Random points in the plane may be used as sampling points or in connection with modeling ― for example as part of a Monte Carlo simulation of a probability distribution. Random points can also be generated on a network. Naturally the distribution of such points will be affected by the distribution of the network links in the plane, and may thus appear clustered with respect to the plane (excluding the network). The corollary of this observation is that a clustered point pattern in the plane that is, in fact, a set of points on a network, may actually be a random uniform distribution when shortest network path distances are used rather than Euclidean planar distances. For example, the set of 100 points in Figure 5‑5A (Tripolis, in Greece) appears to be far from random, but in fact this is a random uniform (Poisson) point set on a network, as shown in Figure 5‑5B. This example was generated using the SANET software, which also provides a wide range of tools for analyzing observed point patterns on or almost on networks such as that illustrated (see further, Section 5.4.1).
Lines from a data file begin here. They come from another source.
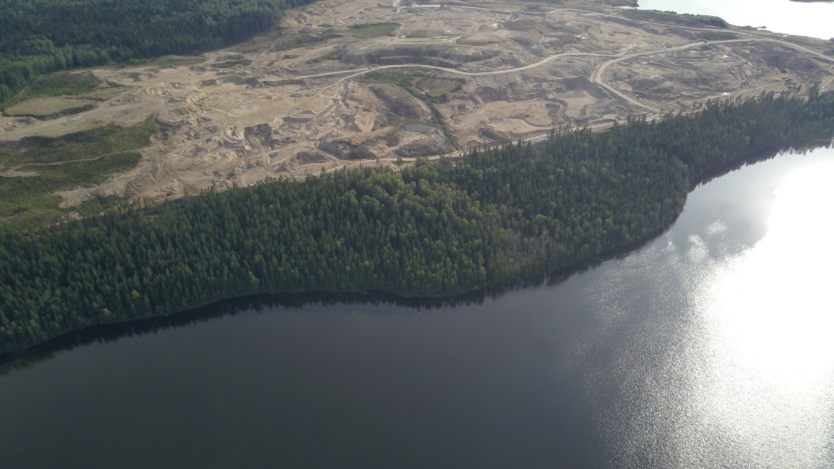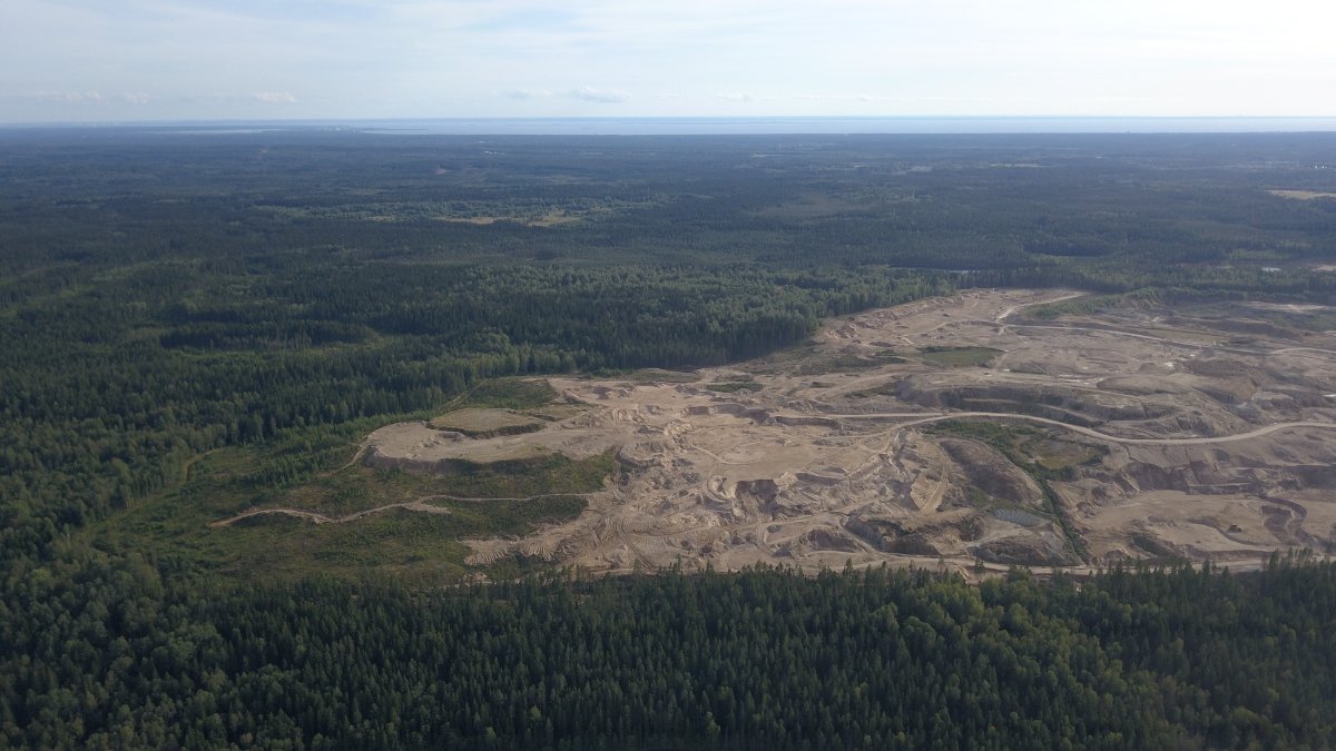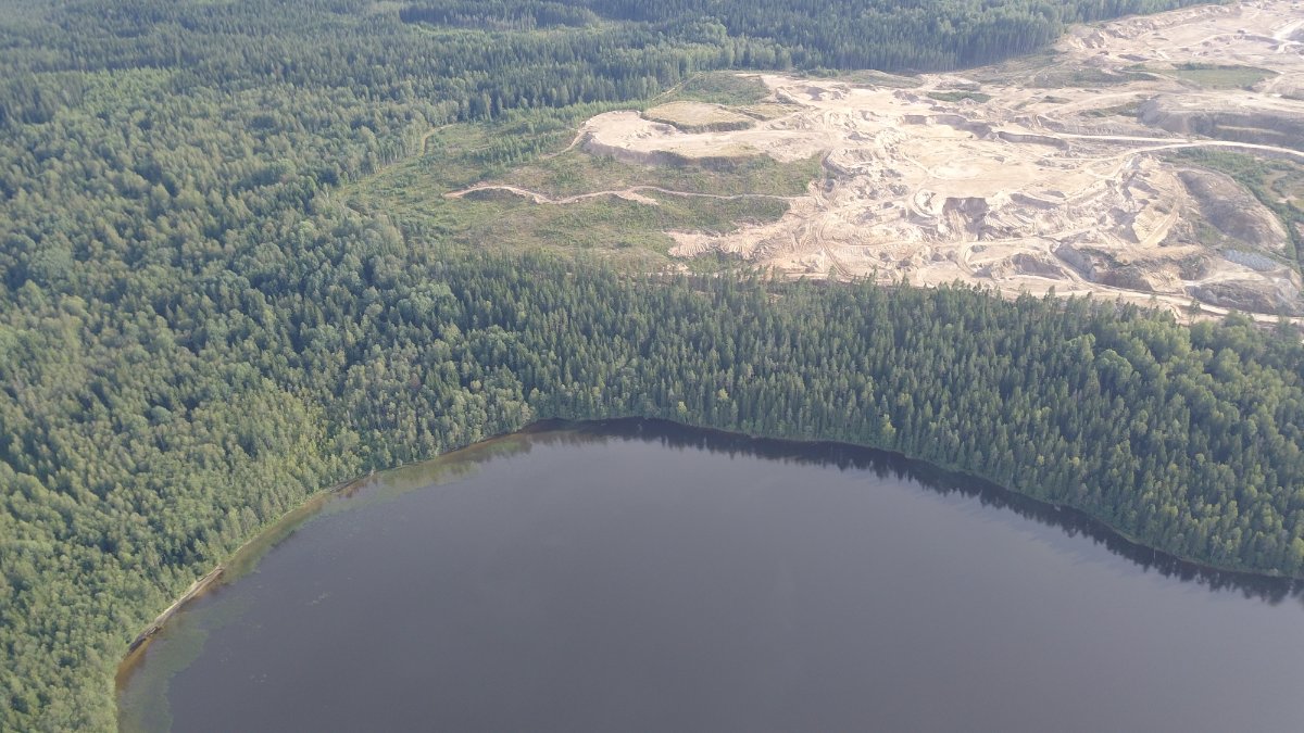 Покатались с соседями на УАЗе до Люблинского озера, Карьер растет и ширится, уже намечены новые территории и выпилен лес. Стоя на берегу озера, видно, что отвал на противоположной стороне уже выше сосен.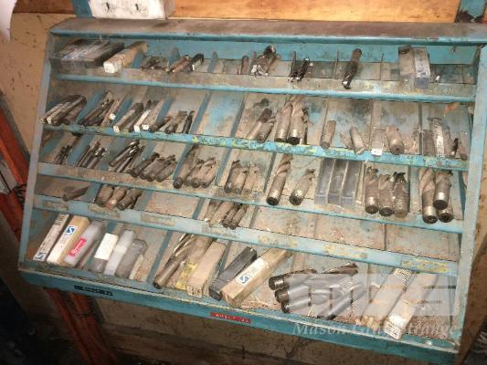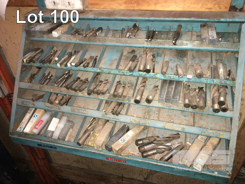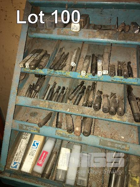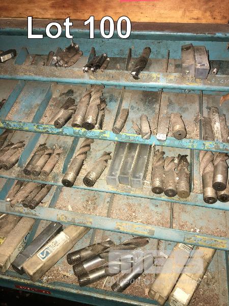 END MILLS, SLOT DRIVES, METRIC & IMPERIAL, APPROX 100 PIECES, WITH RACK CONTENTS OF RACK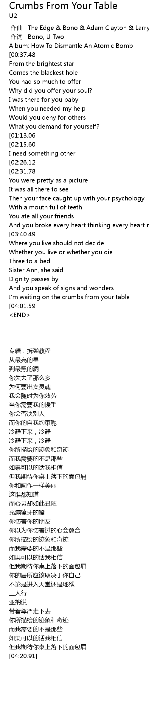 | [01:34.13][02:31.78] | But I' m waiting on the crumbs from your table |

The term quadrat sampling is applied to schemes in which information on all static point data (e.g. trees, birds’ nests etc.) is collected using an overlay of regular form (e.g. a square or hexagonal grid). Collected data are then aggregated to the level of the quadrat, whose size, orientation and internal variability will all affect the resultant figures (e.g. counts). Very small quadrats will ultimately contain 0 or 1 point objects, whilst very large quadrats will contain almost all the observations and hence will be of little value in understanding the variability of the data over space. An alternative to procedures based on lattices of quadrats is to “drop” quadrats onto the study area at random. Such quadrats may be of any size or shape, but circular forms have the advantage of being directionally invariant. A disadvantage with this approach is that some areas may be repeat sampled unless precautions are taken to exclude areas once sampled.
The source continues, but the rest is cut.